◆ WHAT YOU HAVE TO DO ◆
If a line in the entries below holds the string "xiàn", copy it.

▼

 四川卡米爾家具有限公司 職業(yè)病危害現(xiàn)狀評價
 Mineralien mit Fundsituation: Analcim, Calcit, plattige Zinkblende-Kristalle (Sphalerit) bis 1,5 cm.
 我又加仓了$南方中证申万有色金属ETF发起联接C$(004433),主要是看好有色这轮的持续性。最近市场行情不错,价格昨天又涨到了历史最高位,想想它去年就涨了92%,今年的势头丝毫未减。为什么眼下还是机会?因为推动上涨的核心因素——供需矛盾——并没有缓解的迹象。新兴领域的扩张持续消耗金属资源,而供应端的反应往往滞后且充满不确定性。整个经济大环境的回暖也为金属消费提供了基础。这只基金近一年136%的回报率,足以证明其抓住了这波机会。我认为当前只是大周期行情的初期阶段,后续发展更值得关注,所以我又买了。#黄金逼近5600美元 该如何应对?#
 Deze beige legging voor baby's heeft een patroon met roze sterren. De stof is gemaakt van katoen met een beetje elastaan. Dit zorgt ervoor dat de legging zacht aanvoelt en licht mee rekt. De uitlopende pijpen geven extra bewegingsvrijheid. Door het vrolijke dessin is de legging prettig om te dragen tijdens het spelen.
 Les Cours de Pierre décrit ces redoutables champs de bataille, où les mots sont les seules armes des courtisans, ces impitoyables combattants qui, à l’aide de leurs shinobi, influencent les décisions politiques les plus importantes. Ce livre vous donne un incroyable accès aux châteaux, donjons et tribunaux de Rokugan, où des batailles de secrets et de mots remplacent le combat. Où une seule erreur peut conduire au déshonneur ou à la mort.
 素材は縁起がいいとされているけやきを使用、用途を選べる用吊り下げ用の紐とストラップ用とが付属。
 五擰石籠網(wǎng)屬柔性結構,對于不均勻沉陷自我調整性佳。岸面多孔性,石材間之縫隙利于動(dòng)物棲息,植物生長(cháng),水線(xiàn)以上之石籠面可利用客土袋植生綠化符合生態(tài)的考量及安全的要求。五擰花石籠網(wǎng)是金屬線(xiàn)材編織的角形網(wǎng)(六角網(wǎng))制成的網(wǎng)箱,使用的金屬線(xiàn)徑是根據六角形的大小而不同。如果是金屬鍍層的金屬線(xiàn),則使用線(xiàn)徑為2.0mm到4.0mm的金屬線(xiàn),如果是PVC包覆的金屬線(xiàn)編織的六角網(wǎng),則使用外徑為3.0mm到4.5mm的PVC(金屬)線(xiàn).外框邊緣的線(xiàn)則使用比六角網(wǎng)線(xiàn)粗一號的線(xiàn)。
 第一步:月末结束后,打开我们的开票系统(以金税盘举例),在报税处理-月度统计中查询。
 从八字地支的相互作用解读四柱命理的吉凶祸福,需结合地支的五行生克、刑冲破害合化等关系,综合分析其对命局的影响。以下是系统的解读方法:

▲

◆ RESULT BELOW ◆
 四川卡米爾家具有限公司 職業(yè)病危害現(xiàn)狀評價
 五擰石籠網(wǎng)屬柔性結構,對于不均勻沉陷自我調整性佳。岸面多孔性,石材間之縫隙利于動(dòng)物棲息,植物生長(cháng),水線(xiàn)以上之石籠面可利用客土袋植生綠化符合生態(tài)的考量及安全的要求。五擰花石籠網(wǎng)是金屬線(xiàn)材編織的角形網(wǎng)(六角網(wǎng))制成的網(wǎng)箱,使用的金屬線(xiàn)徑是根據六角形的大小而不同。如果是金屬鍍層的金屬線(xiàn),則使用線(xiàn)徑為2.0mm到4.0mm的金屬線(xiàn),如果是PVC包覆的金屬線(xiàn)編織的六角網(wǎng),則使用外徑為3.0mm到4.5mm的PVC(金屬)線(xiàn).外框邊緣的線(xiàn)則使用比六角網(wǎng)線(xiàn)粗一號的線(xiàn)。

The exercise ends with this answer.